Separate compilation. If a user has a compiled version of our original module, we should be able to send them a separately compiled extension module and have everything work correctly.
Type safety. The extension should not subvert the static type system.

In a functional language, we can easily get operation extensibility. We simply introduce a new module that imports the data definition from above and implements a new function over the data.

swap :: Expr -> Expr
swap (Val x) = Val x
swap (Add l r) = Add r l

However, if we wanted to add a new data variant we’re stuck. Now we’d have to modify all the existing modules with operations in them to support this new variant. No good.

What about OOP? We can define the language once more, but this time in Java.

pub­lic abstract class Expr {
  pub­lic abstract String to­String();
  pub­lic abstract Inte­ger eval();
}

pub­lic class Val extends Expr {
  pub­lic Inte­ger data;

  pub­lic String to­String() {
    return data.to­String();
  }

  pub­lic Inte­ger eval() {
    return data;
  }
}

pub­lic class Add extends Expr {
  pub­lic Expr left, right;

  pub­lic String to­String() {
    return left.to­String() + " + " + right.to­String();
  }

  pub­lic Inte­ger eval() {
    return left.eval() + right.eval();
  }
}

In an OO language, we can easily get data extensibility. We simply introduce a new module that implements a new class that extends Expr and implements all the required methods.

pub­lic class Neg extends Expr {
  pub­lic Expr data;

  pub­lic String to­String() {
    return "-(" + data.to­String() + ")";
  }

  pub­lic Inte­ger eval() {
    return -data.eval();
  }
}

However, we cannot get operation extensibility. This would necessitate modifying the abstract class and in turn all the classes extending it. No good.

Extensibility with Typeclasses

We will use typeclasses to get extensibility. Consider this modification to the data definition.

{-# LAN­GUAGE Datatype­Con­texts #-}
data Val = Val Int
data Add l r = Add l r

class Expr x
instance Expr Val
instance (Expr l, Expr r) => Expr (Add l r)

There’s some strange stuff going on here. Instead of having a single unified data type with several variants, we have multiple data types, one for each variant, and a single unified typeclass. As expected, each of the types is an instance of the typeclass. Notice the second instance is saying that Add l r is an instance of Expr so long as l and r are too.
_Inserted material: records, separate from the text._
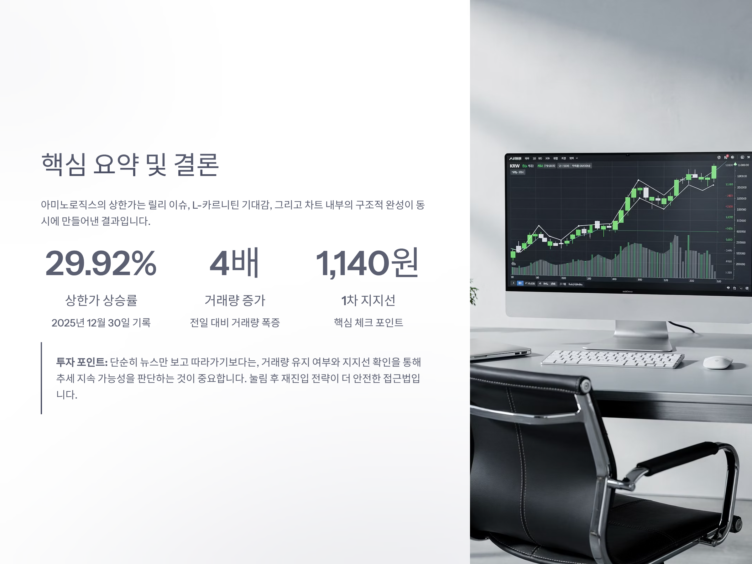 2025년 연말, 증시가 조용할 줄 알았는데 뜬금없이 뉴스 피드에 등장한 종목이 있습니다. ‘아미노로직스’. 생소했던 이 기업이 단숨에 29.92% 상한가를 기록하면서, 많은 투자자들이 깜짝 놀랐죠.
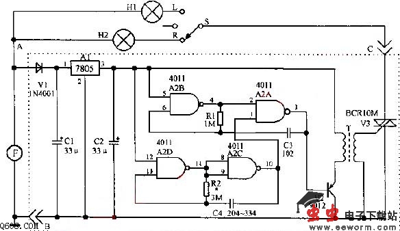 电路中与非门A2A、A2B和电阻R1及C3组成高频振荡器,其输出接在V2的基极;A2C、A2D、R2、C4组成低频振荡器,控制与非门A2A的一个输入端1的电平。当低频振荡器输出端10脚为高电平时,A2A打开,高频振荡器起振,A2A信号加在V2的基极,使其工作在开关状态。V2的发射极接到高频变压器T的一次线圈,在其二次侧产生一系列高频脉冲信号。该信号触发双向晶闸管V3导通。当低频振荡器输出端为低电平时,A2A的输出端3为高电平,V2、V3截止。当低频振荡器输出端又变为高电平时,V3又变为导通。这样周而复始地振荡下去,V3将断续导通。如转向开关S打到左(L)或右(R)位置时,由于V3的断续导通,使得转向灯也断续发光而产生闪光效果。若在V3的阴极或阳极并联一个扬声器,则在转向时可发出声响,并提醒驾驶员在转向后不要忘记关闭转向灯。
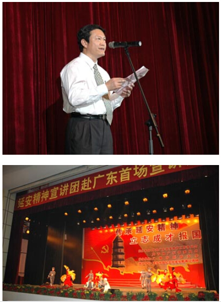 3月26日晚,由广东省委教育工作委员会、共青团广东省委联合主办的延安精神广东巡回宣讲活动在我校大礼堂拉开序幕。省委副书记刘玉浦、省人大副主任王宁生、省政协副主席陈蔚文、中山大学党委书记郑德涛、省教育厅厅长罗伟其、团省委书记邓海光同志、团省委副书记白涛及部分高校领导出席了活动。我校党委书记黄斌在致辞中强调,青年学生必须牢记历史,传承革命优良传统,进一步弘扬艰苦奋斗、理论联系实际、开拓创新和实事求是的延安精神。
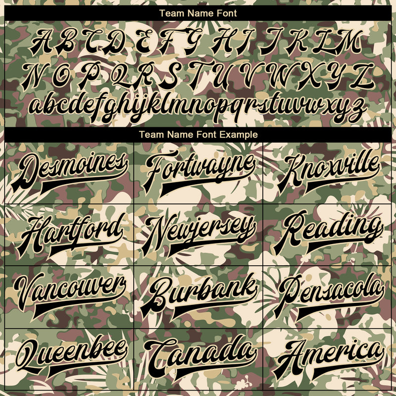 Custom Camo Black-Cream Hawaii Palm Leaves 3D Bomber Full-Snap Varsity Letterman Salute To Service Jacket
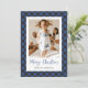 Modern Blue Plaid Photo Merry Christmas Holiday Card
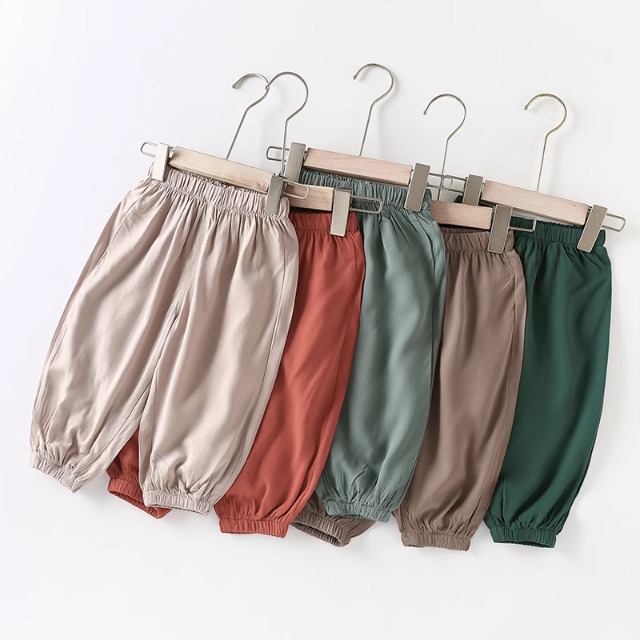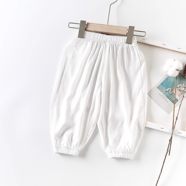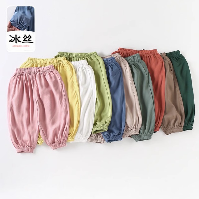 모기 방지 바지 여름 얇은 어린이 여름 아이스 실크 소녀 면화 및 리넨 블루머스 아기 바지 어린이 외출 바지

Now we’re going to see operation extensibility.

class Expr x => Eval x where
  eval :: x -> Int

instance Eval Val where
  eval (Val x) = x

instance (Eval l, Eval r) => Eval (Add l r) where
  eval (Add l r) = (eval l) + (eval r)

Here too our function is going to be encoded as a typeclass. For a type to be an instance of Eval it must already be an Expr. This makes sense. This typeclass will have a concrete function that must be implemented. Every data type should should then become an instance.
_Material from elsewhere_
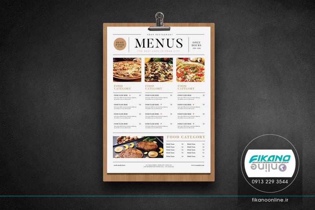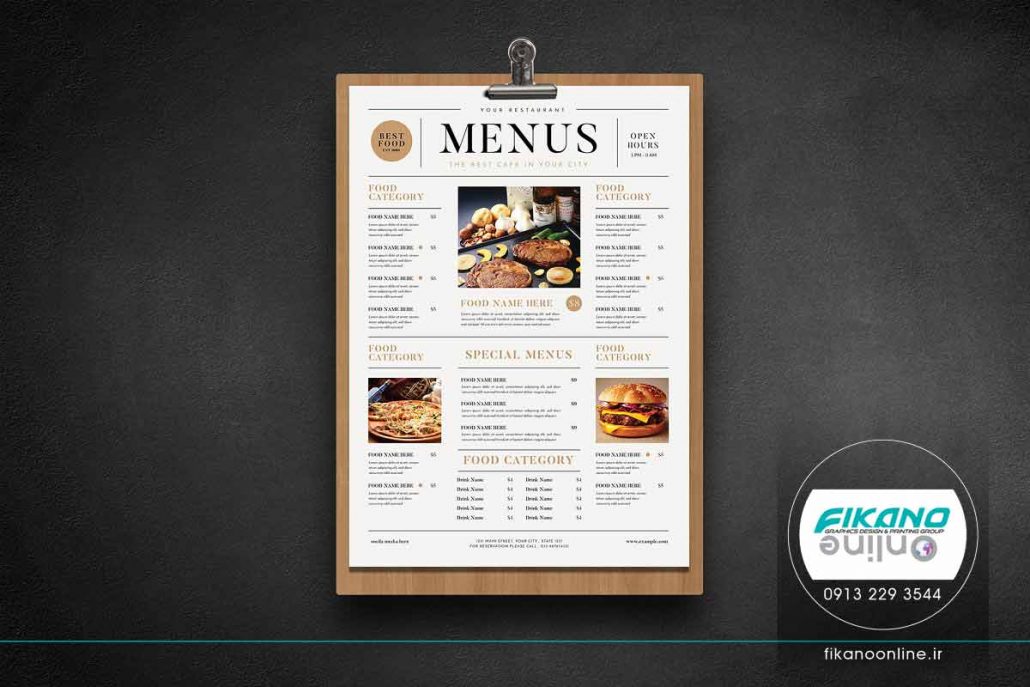 منو محلی کافی برای نام غذا، قیمت و توضیحات دارد، علاوه بر این فضای کافی برای قرار دادن تصویر برای هر دسته بندی غذایی در منو در نظر گرفته شده است.
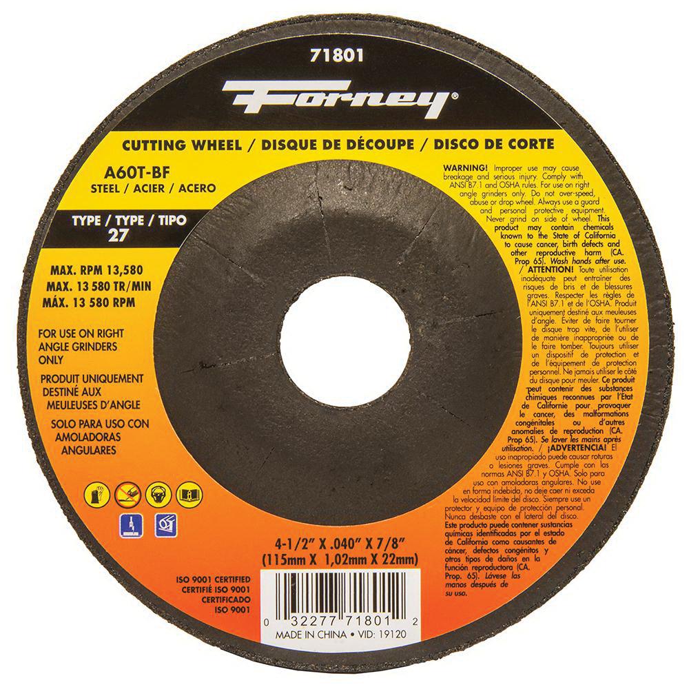 Forney® Cut-Off Wheel, Type 27 Wheel, 4-1/2 in Diameter, 0.04 in Thickness, 7/8 in Arbor, 60 Grit, Medium Grit Grade, Aluminum Oxide Abrasive, 13580 rpm, Resinoid Bond, T Hardness, Applicable Materials: Ferrous Materials

Now, what does a data extension look like?

data Expr x => Neg x = Neg x
instance Expr x => Expr (Neg x)

instance Eval x => Eval (Neg x) where
  eval (Neg x) = -(eval x)

The first two lines define a new data type like we did before, but for Neg. As with our previous constructors, we make it an instance of Expr. Now in order to implement any of the functions over our data, we need only make it an instance of the corresponding typeclass. Here we’ve made it an instance of Eval and hence we can call the eval function on any Neg type.
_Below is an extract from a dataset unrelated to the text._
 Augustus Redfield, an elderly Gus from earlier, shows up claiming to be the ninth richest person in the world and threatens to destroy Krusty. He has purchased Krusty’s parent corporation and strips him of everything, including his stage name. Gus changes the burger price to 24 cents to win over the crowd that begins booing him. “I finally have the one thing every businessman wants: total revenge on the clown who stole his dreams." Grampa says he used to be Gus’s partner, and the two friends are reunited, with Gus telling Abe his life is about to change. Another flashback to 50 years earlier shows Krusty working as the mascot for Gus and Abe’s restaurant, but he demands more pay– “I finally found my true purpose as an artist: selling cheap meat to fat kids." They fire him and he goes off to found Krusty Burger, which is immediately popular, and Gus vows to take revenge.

While slightly exotic, this certainly does solve the expression problem.

Additional Reading

Typeclasses were originally introduced by Wadler and Blott in their paper “How to make ad-hoc polymorphism less ad hoc.”
Niki Vazou has a lecture note on typeclasses that some of this was based upon.
LYaH covers the subject in both chapter 3 and 8.
Ralf Lämmel has two video lectures, one on the expression problem itself, and the other on a solution in Haskell.
Oleksandr Manzyuk has a nice blog post on solutions to the expression problem in both Java and Haskell.